Germany ’99 Review

Afghan Whigs
De Oosterpoort, Groningen, March 20th + Soundgarden, Dortmund, April 4th 1999

Luna Kafe

When the Whigs take to the stage at the Ooosterpoort, it’s just the core four Whigs – Greg Dulli, Rick McCollum, John Curley and new drummer Michael Horrigan. And without even saying hello they launch right into Retarded, the first song off their very first LP, released almost ten years ago. It’s loud, fast and quite spectacular. It’s nothing against the full-on, revelatory rock ‘n’ soul revue that goes on it’s way as soon as the three backup singers and a keyboardist apparently nicked from Prince’s backing band join the Whigs for the rest of the show.

Once described as “sex muzik”, this music blends rock ‘n’ roll in it’s rawest form with sweet soul music so perfectly, it almost hurts. And then there are the songs, that prove once and for all that Dulli might not be a great singer (nor guitarist, for that matter) but he surely knows how to write songs. Songs about fucked-up lifes, about the demons in yourself, about luuuuv, baby! The Whigs play everything from What Jail Is Like to Uptown Again and Be Sweet.
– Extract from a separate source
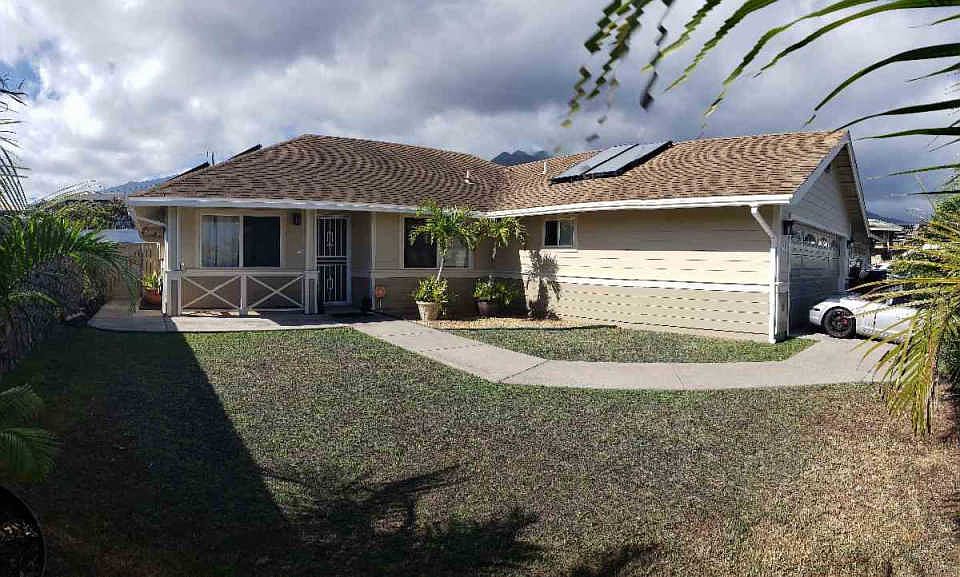 **E Komo Mai to Wailuku Parkside!** In the heart of Wailuku, this quaint neighborhood consisting of 119 homes was built in 2001. Our featured property is a 3 bedroom, 2 bath residence, upgraded with luxury vinyl plank flooring throughout, 3 split air conditioning units to keep cool. Kitchen appointments include soft close kitchen cabinets and drawers, tiled backsplash, motion sensor kitchen faucet, Whirlpool appliances package includes a "smart" range, low profile microwave and filtered hot water dispenser. Home is complete with rain gutters, solar water heater and a 22-panel leased photovoltaic system. High ceilings compliment the spaciousness of this floor plan that includes a separate living room, great room with dining area off the kitchen, an enclosed 22'x14' extension, and a 12'x12' covered lanai (both are unpermitted) but such a benefit to have the extra space maybe for a home office or study area. The choice is yours. The huge backyard is a blank canvas with space to grow fruits or vegetables, extra concrete slab poured for storage shed or whatever you desire the space to be. The lot size is 6,954 square feet (one of the larger ones in the subdivision) and surrounded by a gorgeous rock wall along it's perimeter. All showings by appointment only so call your favorite REALTOR, today!

Hell, in Dortmund they even do White Trash Party, from Up In It, just “because it is Easter Sunday”, as Dulli informed the crowd. He also wins some new friends with his statement concerning the less than enthusiastic festival crowd in Dortmund: “Okay, so I’m in a fucking library”. Haha, very funny. But by the time their rendition of the Temptations’ Papa Was A Rolling Stone literally explodes to segue right into Somethin’ Hot you give up on wondering if any other band could actually steal its inspiration from so many different sources without sounding like any of them. Cause the Whigs have their own distinctive sound and even the heartbreakingly beautiful gospel rendition of My Curse, sung by backing vocalist Susan Marshall, fits in perfectly.

By the time they hit home with Fountain And Fairfax (about ten times better – and faster! – than the recorded version) and Faded you know that this equivalent of a musical orgasm is bound to reach a lot more people soon. People who don’t care that Dulli and crew have been signed to Sup Pop for a while, got big during the Grunge boom and sounded a little bit like Nirvana. After the last note of the final encore Omerta you know exactly why Rick McCollum calls this “a rebirth” for the Whigs. Quite simply because it is.